SOURCE DATA below:

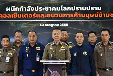 วันที่ 10 ก.ค. พล.ต.อ.กิตติ์รัฐ พันธุ์เพ็ชร์ ผบ.ตร.มอบหมายให้ พล.ต.อ.ธัชชัย ปิตะนีละบุตร จเรตำรวจแห่งชาติ ในฐานะ ผอ.ศปอส.ตร./ผอ.ศตคม.ตร.หัวหน้าหน่วยเฉพาะกิจ UNODC ต่อต้านอาชญากรรมคอลเซ็นเตอร์และการค้ามนุษย์ ชี้แจงถึงสถานการณ์ปัญหาอาชญากรรมแก๊งคอลเซ็นเตอร์และค้ามนุษย์ ในปัจจุบัน โดยปัจจุบันสถานการณ์การหลอกลวงคนไทยของแก๊งคอลเซ็นเตอร์ที่ผ่านมา ยังมีที่ตั้งอยู่ในประเทศเพื่อนบ้าน ได้แก่ กัมพูชา เมียนมา และลาว เพื่อจะหลอกคนไทยและชาติต่างๆ ทั่วโลก และเนื่องจากประเทศไทยเป็นจุดยุทธศาสตร์ทางการบินที่สำคัญในเอเชียตะวันออกเฉียงใต้ มีเที่ยวบินจากทั่วโลก เข้ามาในประเทศ ประกอบกับการคมนาคมที่สะดวก กลุ่มคนร้ายจึงอาศัยช่องว่างดังกล่าวเข้ามาในไทยในฐานะนักท่องเที่ยว เพื่อเดินทางไปยังบริเวณแนวชายแดน แล้วลักลอบข้ามไปยังแก๊งคอลเซ็นเตอร์ที่ตั้งอยู่ในประเทศเพื่อนบ้าน หรือใช้ช่องทางดังกล่าวหลอกคนข้ามไปทำงานแก๊งคอลเซ็นเตอร์
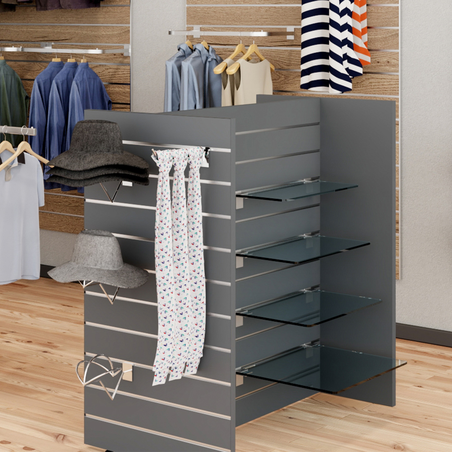 Der Textilständer für Mittelraum hat die Maße H 120 x B 60 x L 120 cm. Die Lamellenwand hat die Stärke 38 mm. Die Aluminium-Einschubprofile sind im Lieferumfang enthalten. Die Wände sind HMB-beschichtet, was bedeutet, dass die Oberfläche äußerst strapazierfähig, glanz- und farbecht sowie temperatur- und klimabeständig ist. Der Textilständer in H-Form ist in der Farbe Schwarz (matt). Die Lieferung erfolgt zerlegt.
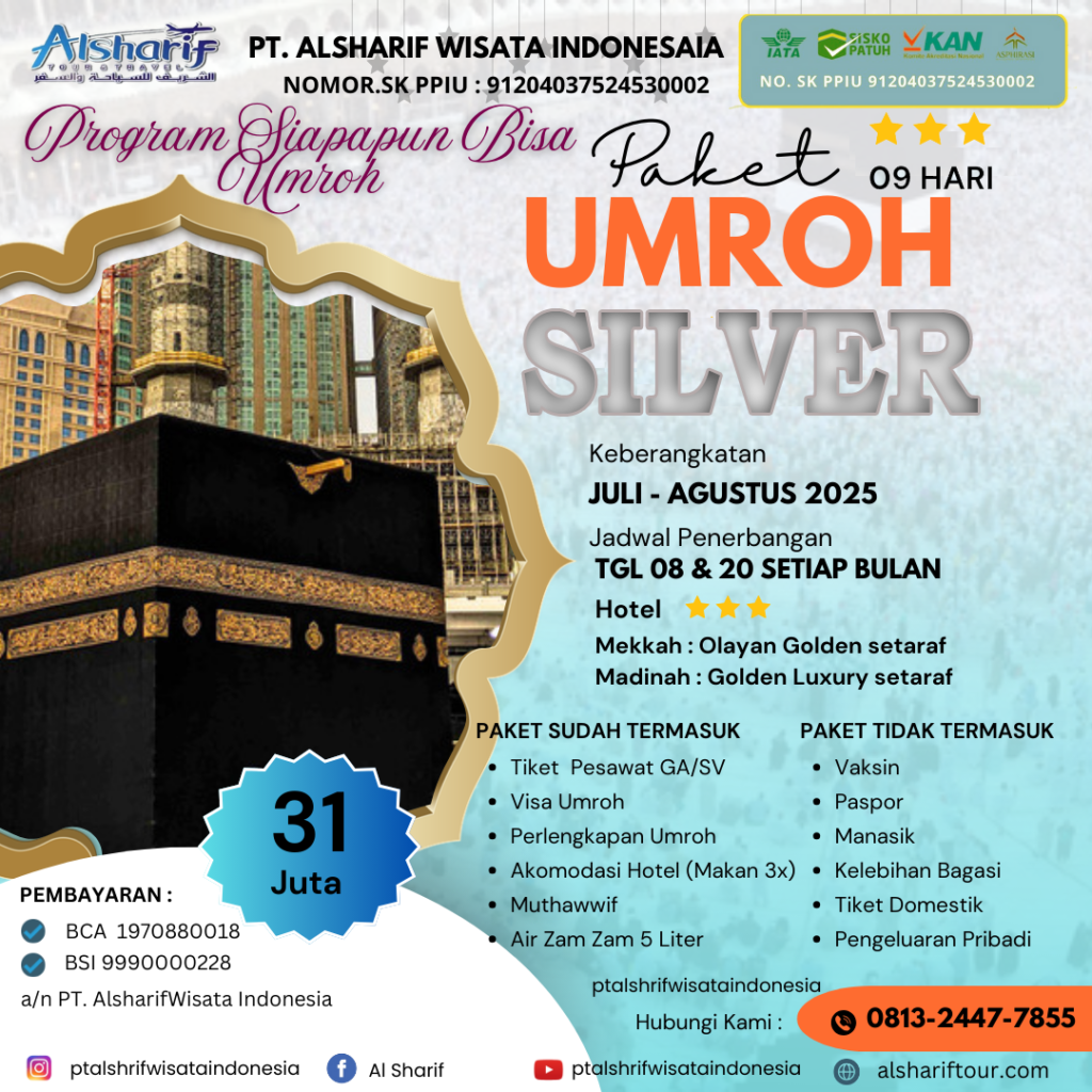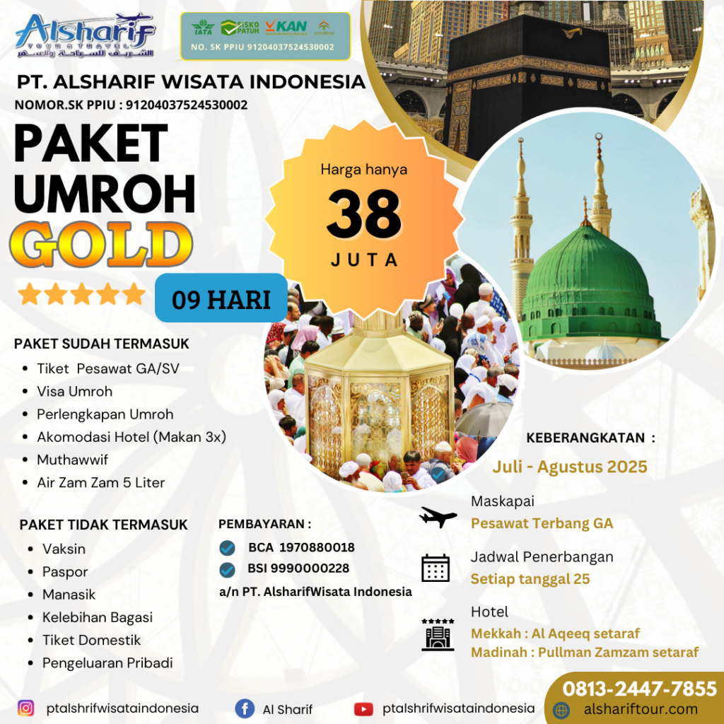 Alsharif Tour & Travel, mitra terpercaya Anda dalam mewujudkan impian perjalanan spiritual ke Tanah Suci. Berdiri dengan semangat memberikan layanan terbaik sesuai syariah, kami hadir untuk mempermudah perjalanan umroh dan haji Anda dengan aman, nyaman, dan berkesan.
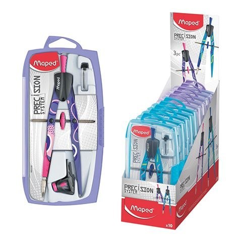 Cyrkiel zerowy z końcówką grafitową i uniwersalną oraz zapasowymi grafitami, maksymalny promień 300 mm, długość cyrkla 165 mm. Dwie wersje kolorystyczne: niebieska i fioletowo-różowa. Pudełko odporne na pęknięcia. J.S.: 1 szt.
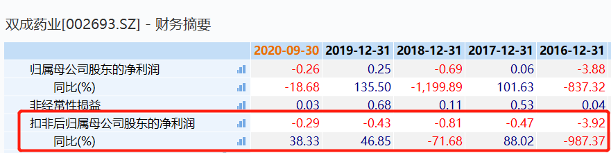 不过,发现网跟踪历年数据发现,如若双成药业2020年扣非净利润仍为亏损状态,那么双成药业便已连续五年亏损。Wind数据显示,2016年-2019年,双成药业扣非净利润分别为-3.92亿元、-0.47亿元、-0.81亿元和-0.43亿元,同比增速-987.37%、88.02%、-71.68%和46.85%。

End of SOURCE DATA.

### DESCRIPTION OF THE TASK
Could you reproduce every record above exactly, leaving out any pictures?

### RESPONSE TO THE EXERCISE
 วันที่ 10 ก.ค. พล.ต.อ.กิตติ์รัฐ พันธุ์เพ็ชร์ ผบ.ตร.มอบหมายให้ พล.ต.อ.ธัชชัย ปิตะนีละบุตร จเรตำรวจแห่งชาติ ในฐานะ ผอ.ศปอส.ตร./ผอ.ศตคม.ตร.หัวหน้าหน่วยเฉพาะกิจ UNODC ต่อต้านอาชญากรรมคอลเซ็นเตอร์และการค้ามนุษย์ ชี้แจงถึงสถานการณ์ปัญหาอาชญากรรมแก๊งคอลเซ็นเตอร์และค้ามนุษย์ ในปัจจุบัน โดยปัจจุบันสถานการณ์การหลอกลวงคนไทยของแก๊งคอลเซ็นเตอร์ที่ผ่านมา ยังมีที่ตั้งอยู่ในประเทศเพื่อนบ้าน ได้แก่ กัมพูชา เมียนมา และลาว เพื่อจะหลอกคนไทยและชาติต่างๆ ทั่วโลก และเนื่องจากประเทศไทยเป็นจุดยุทธศาสตร์ทางการบินที่สำคัญในเอเชียตะวันออกเฉียงใต้ มีเที่ยวบินจากทั่วโลก เข้ามาในประเทศ ประกอบกับการคมนาคมที่สะดวก กลุ่มคนร้ายจึงอาศัยช่องว่างดังกล่าวเข้ามาในไทยในฐานะนักท่องเที่ยว เพื่อเดินทางไปยังบริเวณแนวชายแดน แล้วลักลอบข้ามไปยังแก๊งคอลเซ็นเตอร์ที่ตั้งอยู่ในประเทศเพื่อนบ้าน หรือใช้ช่องทางดังกล่าวหลอกคนข้ามไปทำงานแก๊งคอลเซ็นเตอร์
 Der Textilständer für Mittelraum hat die Maße H 120 x B 60 x L 120 cm. Die Lamellenwand hat die Stärke 38 mm. Die Aluminium-Einschubprofile sind im Lieferumfang enthalten. Die Wände sind HMB-beschichtet, was bedeutet, dass die Oberfläche äußerst strapazierfähig, glanz- und farbecht sowie temperatur- und klimabeständig ist. Der Textilständer in H-Form ist in der Farbe Schwarz (matt). Die Lieferung erfolgt zerlegt.
 Alsharif Tour & Travel, mitra terpercaya Anda dalam mewujudkan impian perjalanan spiritual ke Tanah Suci. Berdiri dengan semangat memberikan layanan terbaik sesuai syariah, kami hadir untuk mempermudah perjalanan umroh dan haji Anda dengan aman, nyaman, dan berkesan.
 Cyrkiel zerowy z końcówką grafitową i uniwersalną oraz zapasowymi grafitami, maksymalny promień 300 mm, długość cyrkla 165 mm. Dwie wersje kolorystyczne: niebieska i fioletowo-różowa. Pudełko odporne na pęknięcia. J.S.: 1 szt.
 不过,发现网跟踪历年数据发现,如若双成药业2020年扣非净利润仍为亏损状态,那么双成药业便已连续五年亏损。Wind数据显示,2016年-2019年,双成药业扣非净利润分别为-3.92亿元、-0.47亿元、-0.81亿元和-0.43亿元,同比增速-987.37%、88.02%、-71.68%和46.85%。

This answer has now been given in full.